Alan Armstrong, Roberto Boto, Paul Dingwall, Julia Contreras-García, Matt J. Harvey, Nicholas Mason and Henry S. Rzepa*

Department of Chemistry, Imperial College London, South Kensington Campus, London, SW7 2AZ, UK.

Abstract. The ten year old Houk-List model for rationalising stereoselective organocatalysis of the intermolecular aldol condensation is revisited using a variety of computational techniques which have been introduced or improved since the original study. Even for such a relatively small system, the role of dispersion interactions is shown to be crucial, along with the use of basis sets where the superposition errors are low. An NCI (non-covalent-analysis) of the transition states shows good correlation with the relative computed free energies, which provides a new analytical technique to be used in modelling stereoselectivity. Alternative mechanisms, such as proton-relays involving a water molecule or the Hajos-Parrish alternative, are shown to be higher in energy.

Introduction

The promotion of a wide range of organic synthetic reactions using new generations of so-called organocatalysts (metal free systems) is highly topical. So too is the increasing adoption of computational modelling to chart the most probable mechanistic pathway and, in particular, to establish the factors responsible for reactivity and selectivity, particularly stereoselectivity.1 In this regard, one particular report in 20032 of computational investigation of the proline-mediated asymmetric intermolecular aldol reactions (Scheme 1) has achieved the rare distinction of having the key transition state model being named after the two principle authors; Houk and List. This computational model has informally become known as the gold standard for such investigations, since it set out the procedures for comparing computational modelling with experimental results for organocatalysed reactions, and outlines a methodology for predicting the stereoselectivity for new organocatalysed reactions.

Scheme for Houk-List transition state
Scheme 1. The mechanism for intermolecular aldol condensation with proline as a chiral auxilliary (green), and key stereocentres created by bond formation between the C=C and the carbonyl (red bond).

A one-proline mechanism based on enamine activation, the Houk-List transition state model involves the stereogenic carbon-carbon bond formation step of the catalytic cycle, when the catalytically active enamine attacks an electrophile. The carboxylic acid of proline plays a central role in this model, directing the electrophile to the Re face of the enamine. The enamine can be anti or syn, relative to the acid, and the electrophile can offer two prochiral faces for attack, Re or Si, resulting in four different stereochemical outcomes (Scheme 2).

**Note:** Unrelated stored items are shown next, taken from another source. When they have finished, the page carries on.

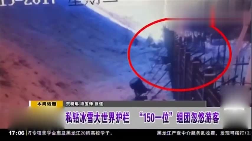 监控拍下私钻冰雪大世界护栏犯罪团伙组团忽悠游客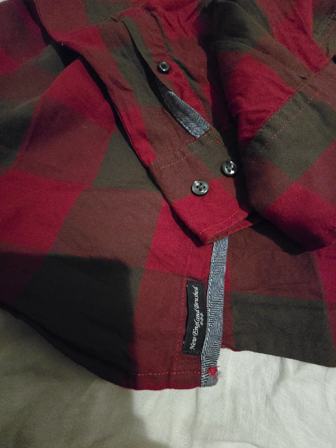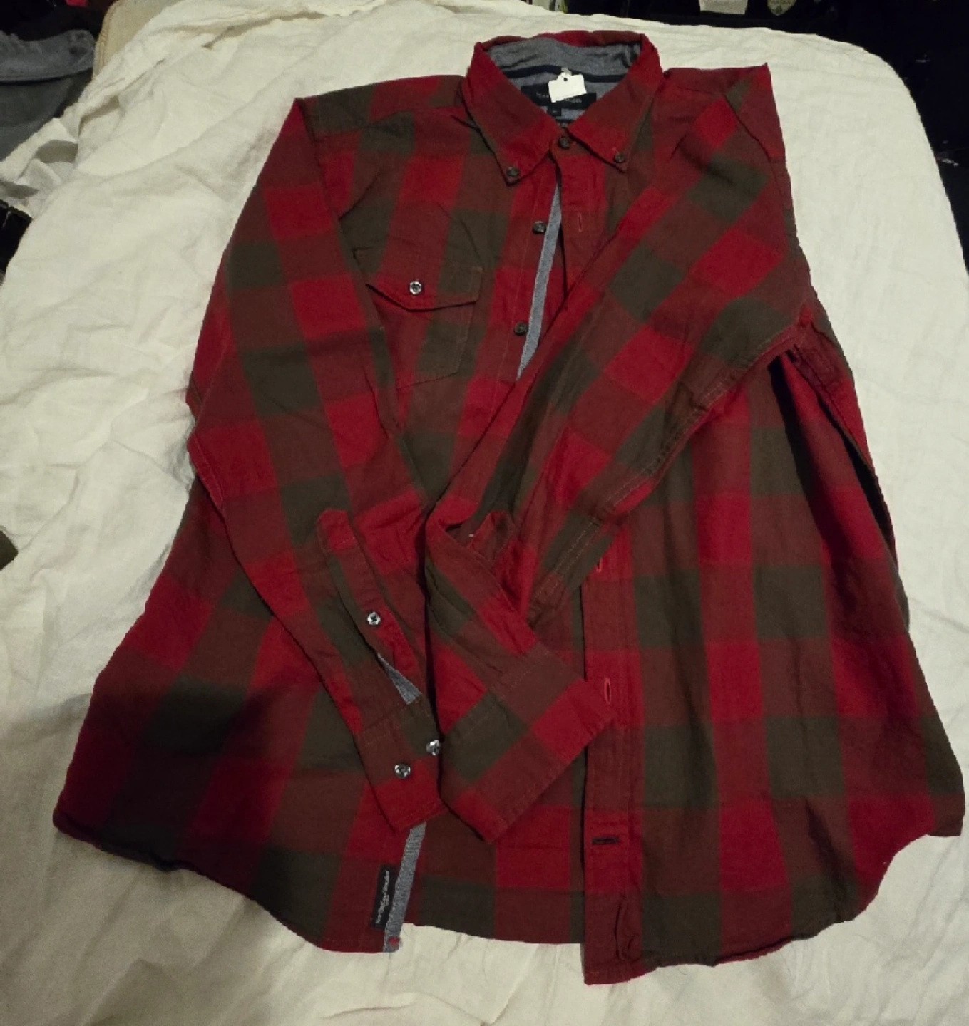 Selling a handsome Tommy Hilfiger button-down shirt in a red and brown plaid pattern. It's a New York Fit and size medium. In great condition and ready for a new home! Great fall and Christmas/holiday outfit and is great weather young or grands.
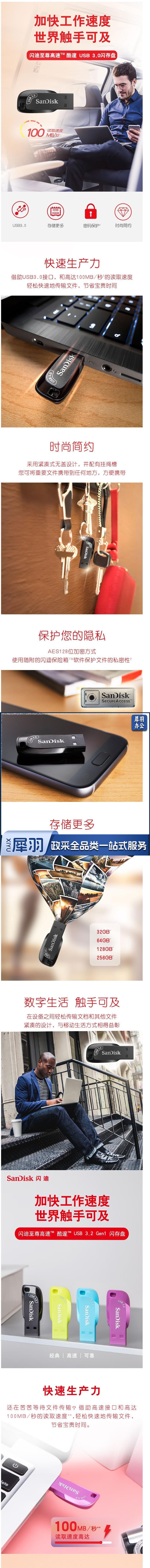 闪迪(SanDisk) U盘 CZ410 酷邃 高速USB3.0读取速度100MB/s 内置加密软件 时尚设计 学生优盘 商务办公 32GB 黑色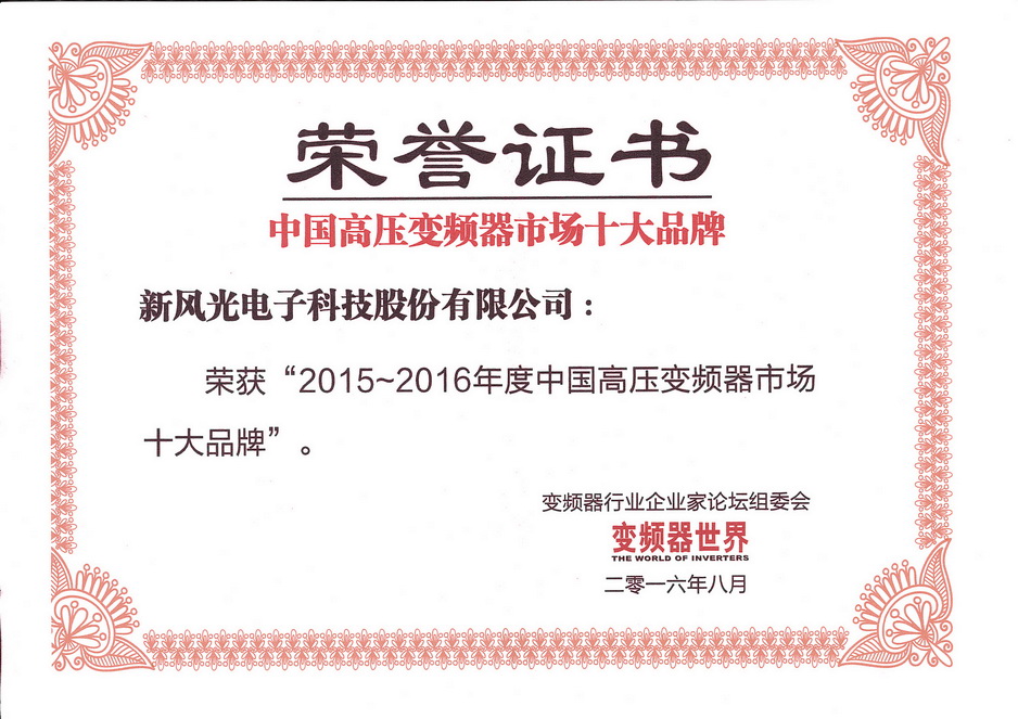 2015-2016 高壓變頻器獲獎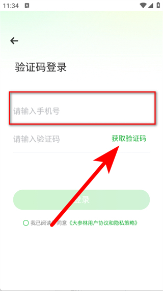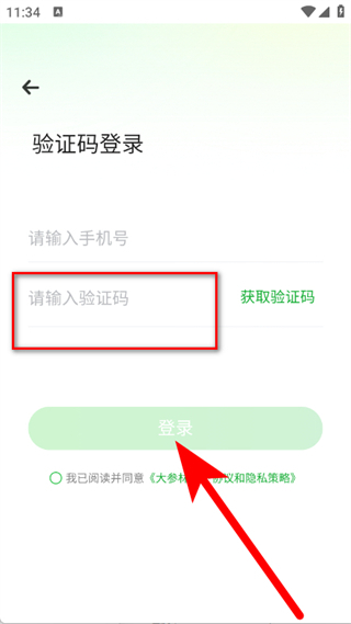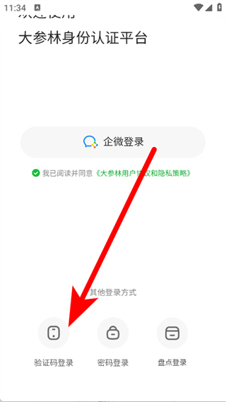 2、在选择登录方式的页面中,点击验证码登录选项,即可进入验证码登录的界面。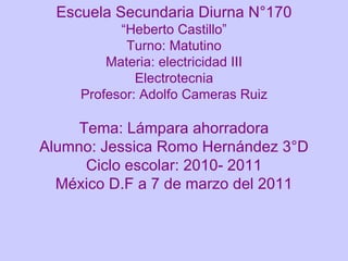 El documento resume las características de las lámparas ahorradoras de luz compacta fluorescente (CFL). Explica que las CFL pueden usarse con casquillos estándar y que emiten luz en diferentes colores de temperatura. También describe otras tecnologías CFL como las lámparas de inducción y las recubiertas con nanopartículas. Finalmente, señala que las CFL contienen mercurio, un contaminante, y que se necesitan mejores leyes para el manejo de residuos de estas lámparas.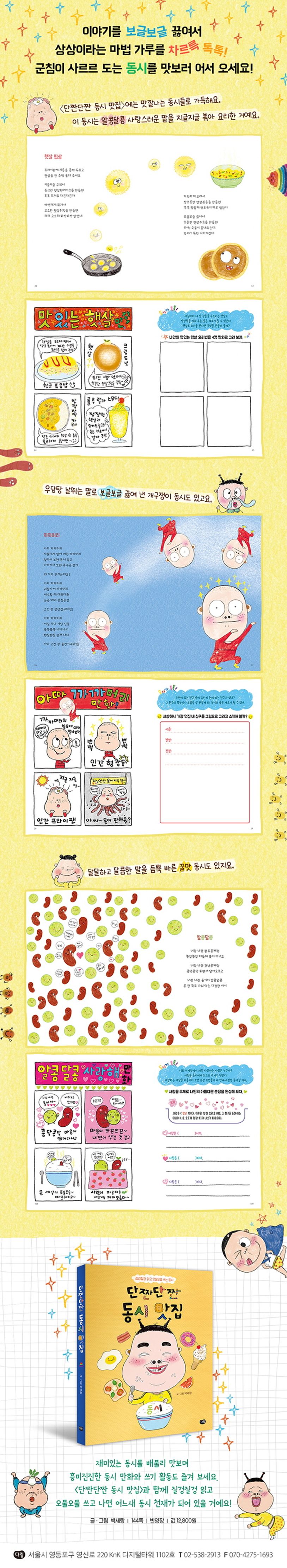 〈단짠단짠 동시 맛집〉은 〈라면 머리 아줌마〉, 〈깔깔 주스〉 등을 지은 그림책 작가이자, 시인으로 문단에서 활발한 작품 활동을 펼치고 있는 박세랑 작가가 쓰고 그려 낸 동시책이에요. 기발하고 통통 튀는 30편의 동시와 함께 재미난 쓰기 활동을 담았어요. 동시를 그냥 읽는 것이 아니라, 동시에 쓰인 다양한 표현 방법을 익히고 배울 수 있도록 구성했어요. 동시마다 흥미진진한 네 컷 만화와 다양한 쓰기 활동지를 수록해 글쓰기에 필요한 기초 체력을 키울 수 있게 해 주어요. 유튜브나 애니매이션 등 영상에 익숙한 어린이 독자들의 취향을 고려한 귀여운 일러스트 또한 풍성하게 담았답니다. 동시의 내용을 이해하는 데 도움을 주며 동시를 더욱 깊이 감상할 수 있게 해 줄 거예요.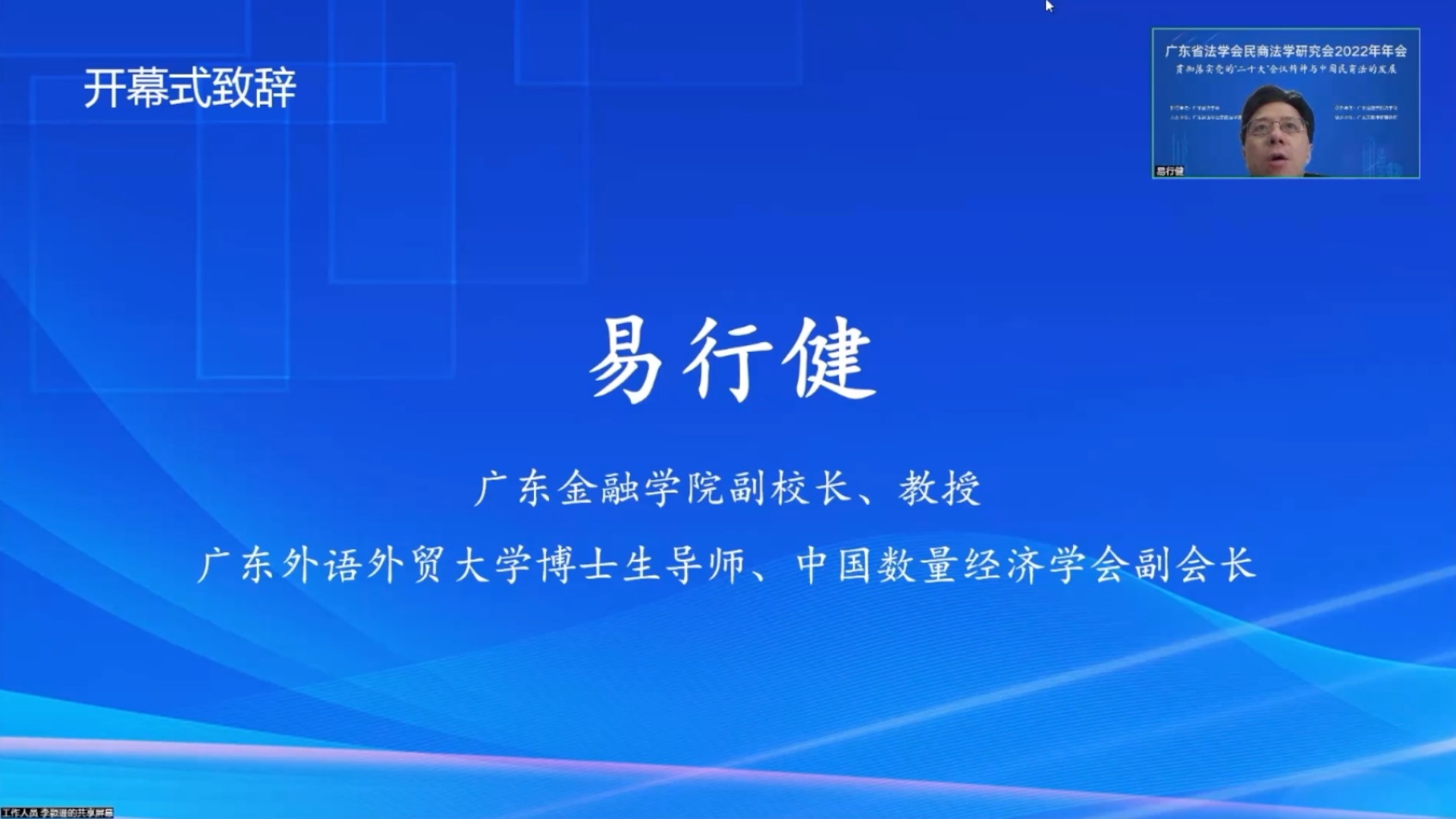 近日,广东省法学会民商法学研究会2022年学术年会暨换届选举大会以线上会议的方式召开。本次会议在广东省法学会的指导下,由广东省法学会民商法学研究会主办,广东金融学院法学院承办,广东天穗律师事务所协办。来自广东省内外高校、科研机构的专家学者,以及法官、律师等实务人士共170余人在线参加了本次会议。同时,会议还在网络平台进行了同步直播,观看在线直播的人数近千人。据了解,会议共收到240余篇参会论文,创历年年会之最。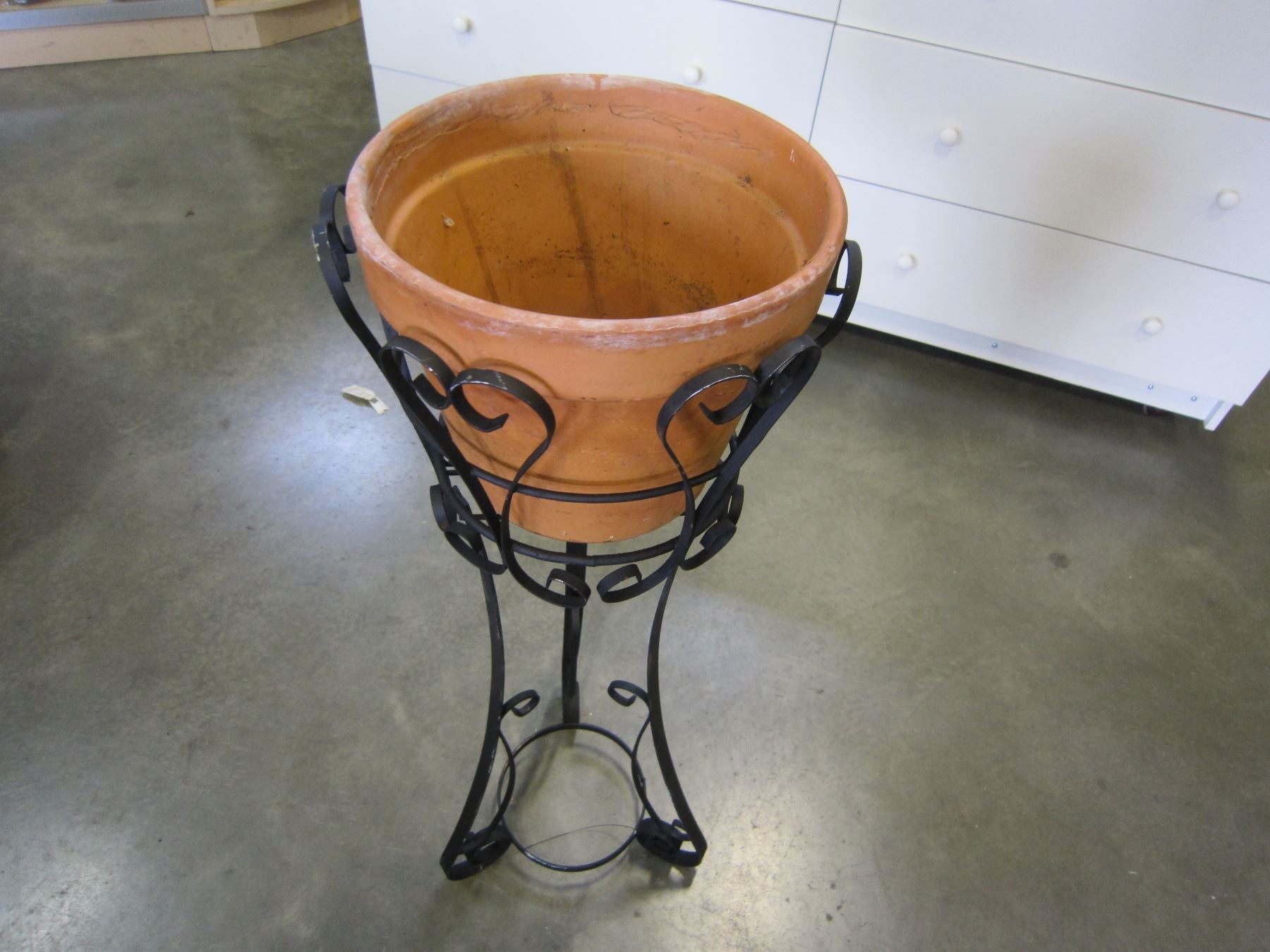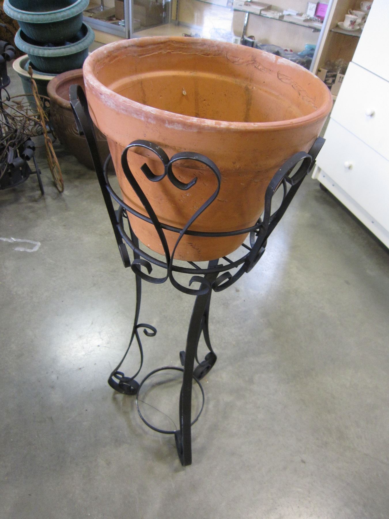 BLACK IRON PLANT STAND W/ TERRACOTTA POT

Scheme 2. The stereochemical possibilities for the asymmetric aldol condensation. Cahn-Ingold-Prelog conventions are shown for R=Ph.

Through extensive computational studies,2-6 Houk and Bahmanyar suggest that the energy differences between these transition state, and so the origin and degree of stereoselectivity displayed by the reaction, depends on two critical structural elements: the relative degree to which each transition state can adopt a planar enamine, and the degree of electrostatic stabilisation provided to the forming alkoxide. A planar enamine allows for the greatest possible nucleophilicity of the terminal olefin while also reducing the geometric distortion experienced by the forming iminium. The proton transfer, from the carboxylic acid to the forming alkoxide, was determined to provide the majority of the electrostatic stabilisation and is key to the Houk-List transition state.2,7 A smaller, yet important, stabilising contribution also results from NCHᵟ+∙∙∙Oᵟ- interactions from the pyrrolidine ring.8

The stereoisomer for which these key elements were most favourable was calculated as that noted (S,R), for R = Ph, iPr. This prediction was then verified by experimental study, where the (S,R) stereoisomer was observed formed in 60% enantiomeric excess (R=Ph) or 96% (R=iPr). The challenge of computational methods then is to establish a transition state model in which this behaviour can be rationalised and so used to predict the outcome of further reaction variations. Any success of such models can then be used build confidence for diversification to new reactions and mechanisms.

Indeed, the Houk-List model has enjoyed a high degree of success in application to the prediction of the stereochemical outcomes of a number of proline mediated reactions: from the inter-2 and intramolecular6 aldol, Mannich,4 α-alkylation,9 and Michael reactions,10 among several others,1 to the correct prediction of the outcome of reactions mediated by analogues of proline.7,8,11-13 However, despite the apparently excellent comparison made between computational and experimental selectivities, for which this research became widely known, two significant issues have come to light regarding the details of the proline-cyclohexanone-benzaldehyde system. Houk has since disclosed that calculations carried out subsequent to publication, in which a greater volume of conformational space was investigated, suggest that lower energy structures of the transition states exist;1,14 potentially altering the predicted selectivity of the reaction. In addition, repetition of the experimental results by List found product selectivities to vary, with the reaction found to be extremely sensitive to both water content and temperature. As such, despite the success of the Houk-List model as a concept, the reportedly excellent agreement between computational and experimental results appears to be coincidental.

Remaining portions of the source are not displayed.